Via Facebook: TerriLynnLandForSenate

Within the span of a few hours, Michigan Senate candidate Terri Lynn Land flipped her position on the repeal of Obamacare.

Speaking on "Michigan's Big Show" Monday morning, Land, the former Michigan secretary of state, said the Affordable Care Act dodged a question about whether she supported repealing the law.

"Well, again, we all agree we need affordable health care," she said, when asked if she was part of a group to repeal the law.

"After you pass bills, sometimes you have to go back and do fixes," she said in the interview. "That's not unusual, and it's something that, you know, I've done in the past and that's something that we need to do here."

Land added later that she previously supported defunding the Affordable Care Act, but that "we're past that."

"I supported defunding it because I thought that was a way to get the conversation going. We're past that now. We need to now fix this," Land said. "And again, like I mentioned, where 5 million people nationwide have lost their insurance and 225,000 here in Michigan alone and those people wanted that insurance. And I just think that's critical that they have that opportunity to have that insurance that they want."
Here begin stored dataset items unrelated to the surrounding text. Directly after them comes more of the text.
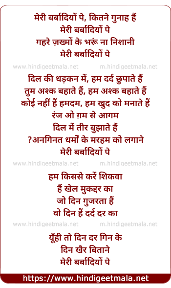 Lyrics of Meri Barbadiyo Pe - मेरी बर्बादियों पे, कितने गुनाह हैं
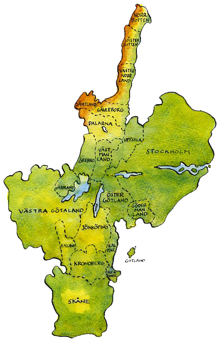 Karta för Svensk Handel.  Befolkningsfördelningen i Sverige.
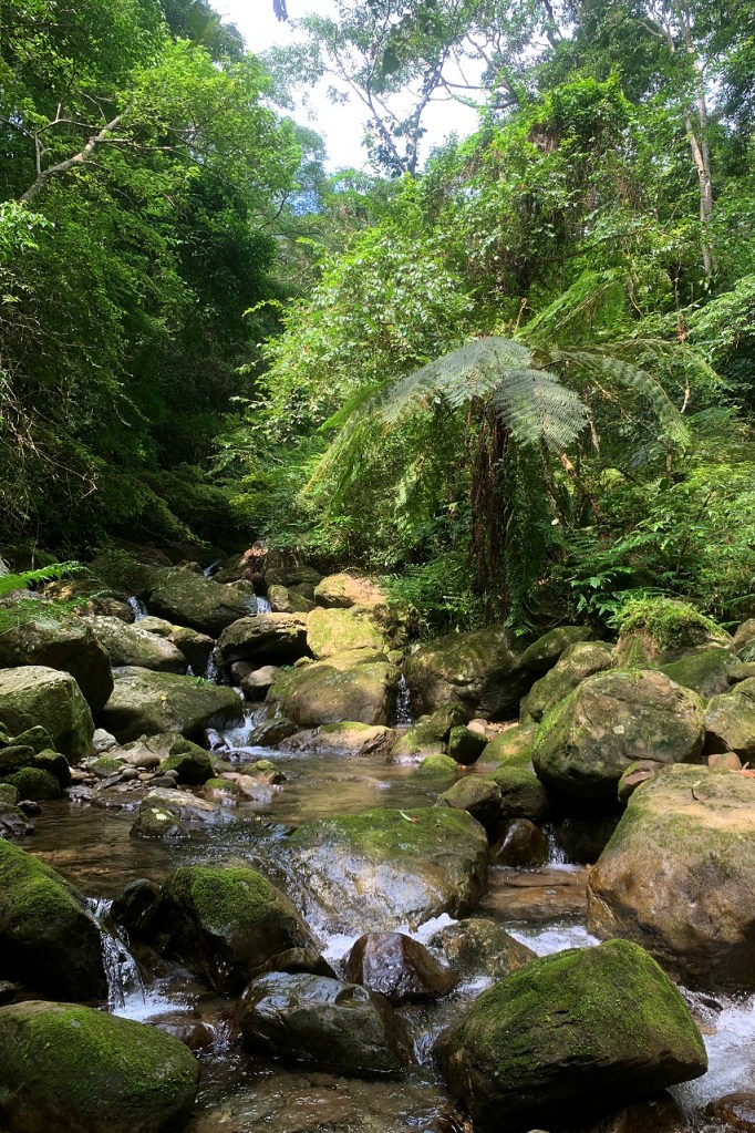 經歷數次腳滑、穿梭在林木岩石之間,終於到達下方溪谷,本先想好好喘口氣、踏一踏溪水,但一抬頭就看到……
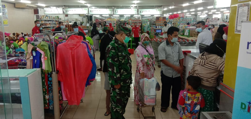Brilian*Probolinggo – Koramil 0820/12 Kraksaan memantau secara langsung penerapan protokol kesehatan dimasa pemberlakuan pembatasan kegiatan masyarakat (PPKM) level II di sejumlah tempat perbelanjaan di wilayah teritorialnya.
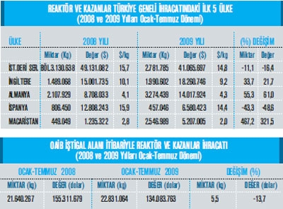 Ülkemiz reaktör ve kazanlar ihracatı 2008 yılının Ocak- Temmuz döneminde 155 milyon 311 bin dolar iken 2009 yılının aynı dönemine gelindiğinde yüzde 13,7 düzeyinde gerileyerek 134 milyon 83 bin dolar olarak kaydedildi. Reaktör ve kazanlar ihracatı mız en fazla olduğu yer ise İstanbul Deri Serbest Bölgesi oldu. Söz konusu bölgeden 2008 yılının Ocak- Temmuz döneminde 49 milyon 131 bin dolarlık ihracat yapılmışken 2009 yılının aynı döneminde ihracatımız gerileyerek 41 milyon 65 bin olarak gerçekleşti. En fazla ihracat İstanbul Serbest Bölgesinden yapılırken, reaktör ve kazanlar ihracatı mızın en fazla yapıldığı ülke ise İngiltere oldu. İngiltere’ye 2008 yılının Ocak-Temmuz döneminde 15 milyon dolarlık reaktör ve kazanlar ihracatı gerçekleştirilmişken 2009 yılının Ocak-Temmuz döneminde ise yüzde 21,7’lik artışla 18 milyon 260 bin dolar seviyesine ulaşıldı. İngiltere’nin ardından ise en fazla reaktör ve kazanlar ihracatı yaptığımız ülkenin Almanya olduğu görülüyor. Almanya’ya 2008 yılının Ocak- Temmuz döneminde 8 milyon 708 bin dolarlık reaktör ve kazanlar ihracatı kaydedilmişken 2009’un aynı dönemine gelindiğinde bu değ er yüzde 61 oranında artışla 14 milyon 17 bin oldu. Reaktör ve kazanlar ihracatımızdaki en büyük ihracat artışımız ise Macaristan pazarına oldu. Macaristan’a 2008 yılının Ocak-Temmuz döneminde 1 milyon 235 bin dolarlık ihracat söz konusu iken 2009 yılının Ocak-Temmuz döneminde yüzde 321,5 oranında artış kaydedilerek 5 milyon 207 bin dolar seviyesi yakalandı. Macaristan’ın ardından ise Almanya’nın reaktör ve kazanlar ihracatımızın en fazla arttığı ikinci pazar olduğu görülüyor. Almanya’ya 2008 yılının Ocak-Temmuz döneminde 8 milyon 708 bin dolarlık reaktör ve kazanlar ihracatımız varken 2009 yılının eş döneminde ise yüzde 61 artışla bu mal grubundaki ihracatımız 14 milyon 17 bin dolar oldu. Fotoğraf altı: Ali Fatinoğlu Sanica Isı Genel Müdür Yardımcı “Krizi yavaş yavaş atlatıyoruz” 1 milyon 200 TL’lik ihracat gerçekleştirdik. Bu rakam fena değ il bizim açımızdan. Hatta ölü sezon için gayet iyi bir rakam olduğunu bile söyleyebilirim. Onun dışında yavaş yavaş krizi atlattık sanırım. Sektör olarak yaşadığımız sorunlara gelince ise en büyük sorunu hammadde fiyatlarında yaşıyoruz. Açıkçası onun dışında da başka bir sıkıntımız olmadığını söyleyebilirim. Elbette yaşanan kriz nedeniyle fiyatlarda bir oturmama durumu söz konusu ancak bu durumun da zamanla aşılacağını öngörüyoruz. Hammadde problemimize dönersek eğ er, ana üretici firma olan Ereğli Demir Çelik ise dünyadaki oynaklığa göre fiyat değiştiriyor. Tüm dünyada hareket çok fazla olduğu için bize de bunun yansımaları oluyor elbette. Genel olarak sektörümüze bakıldığında ise Ocak-Temmuz döneminde 125 milyon dolar civarında bir ihracat gerçekleştirilmiş. Geçtiğimiz yılın aynı döneminde ise bu rakam 147 milyon dolar dolaylarındaymış. Bu da sektörün yaklaşık yüzde 15’lik bir düşüş yaşadığını gösteriyor. .

Several hours later, Land sent messages on Facebook and Twitter saying she supported a repeal of Obamacare.

"I supported defunding the Obamacare law when that was an option. I support repealing the Obamacare law if we can get it repealed. President Obama and Congressman Peters promised that Michiganders could keep their insurance and their promise has been broken. I support the Upton bill to fix Obamacare in the short term if that is what it takes to stop 225,000 people in Michigan from losing their insurance. Washington is broken and we need leaders who are ready to make the tough decisions," Land wrote on Facebook.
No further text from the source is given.